Correlation between CASP4 expression and clinical manifestations in glioma patients.

Figure 7

Distribution of tumor-infiltrating immune cells in glioma and their correlation with CASP4 expression. (A) Correlation between CASP4 and six tumor-infiltrating immune cell types in LGG and GBM. (B) Percentages of 22 immune cells in glioma patients determined using the CIBERSORT algorithm. (C) Percentage differentiation of 22 immune cells in patients with high and low CASP4 expression. (D) ESTIMATE algorithm results for relationship between high and low CASP4 expression with immune cells and immune scores (E). (F) Genes associated with the seven steps of antitumor immunity. (G) Correlation between CASP4 expression and the seven steps of anti-tumor immunity. *P < 0.05, ^**P < 0.01, ^***P < 0.001, ^****P < 0.0001 and ns, no significant difference (P > 0.05).

Figure 8

Correlations between the expression of CASP4 and immune checkpoint molecules, chemokines, and chemokine receptors.

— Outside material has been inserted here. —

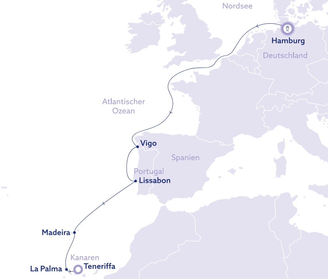 Die Reiserouten der Vasco da Gama sind ebenso vielfältig wie spannend: Von Nord- und Westeuropa über die Ostsee bis hin zu den Kanaren, Madeira und dem Mittelmeer bietet sie eine große Auswahl an Destinationen. Besonders beliebt sind auch längere Reisen, die bis nach Südafrika, Asien oder Australien führen. Damit verbindet die Vasco da Gama das Gefühl klassischer Seefahrt mit modernen Annehmlichkeiten – und eröffnet ihren Gästen die Möglichkeit, die Welt auf eine stilvolle und entspannte Weise zu entdecken.

Correlations between the expression of CASP4 and immune checkpoint molecules (A), chemokines (C), and chemokine receptors (E) across human cancers. Scatter plots of CASP4, immune checkpoint molecules (B), chemokine (D), and chemokine receptor (F) expression in gliomas from TCGA dataset. (G) Protein–protein interaction network based on CASP4, 12 chemokines and eight chemokine receptors.

Figure 9

Relationship between CASP4 expression and drug sensitivity. Spearman’s correlation analysis of paclitaxel (A), sunitinib (B), dabrafenib (C), dasatinib (D), rapamycin (E), sorafenib (F), temozolomide (G), piperlongumine (H), and erlotinib (I) IC₅₀ scores and CASP4 gene expression.

Figure 10

Validation of CASP4 expression and function in glioma. (A) CASP4 expression in normal tissue and glioma tissue. Scale bar, 100 μm. (B) Quantification of CASP4 protein levels in normal tissue and tumor tissue, Data represent the mean ± SD, n = 3. (C) CASP4 expression in astrocytes HA1800 and glioma cells U251 detected using Western blot analysis; GAPDH was used as an internal control. (D) Quantification of CASP4 protein levels in HA1800 and U251 cell lines. Data represent the mean ± SD, n = 3. (E) Efficiency of CASP4 inhibition mediated by siRNA detected by Western blot; GAPDH was used as an internal control. (F) Quantification of CASP4 protein inhibition mediated by siRNA. Data represent the mean ± SD, n = 3. (G) CASP4 inhibition significantly inhibited U251 cell migration as determined by colony formation assay. (H) Quantification of the number of colonies. Data represent the mean ± SD, n = 3. (I) Important signaling pathways associated with CASP4 according to GSEA.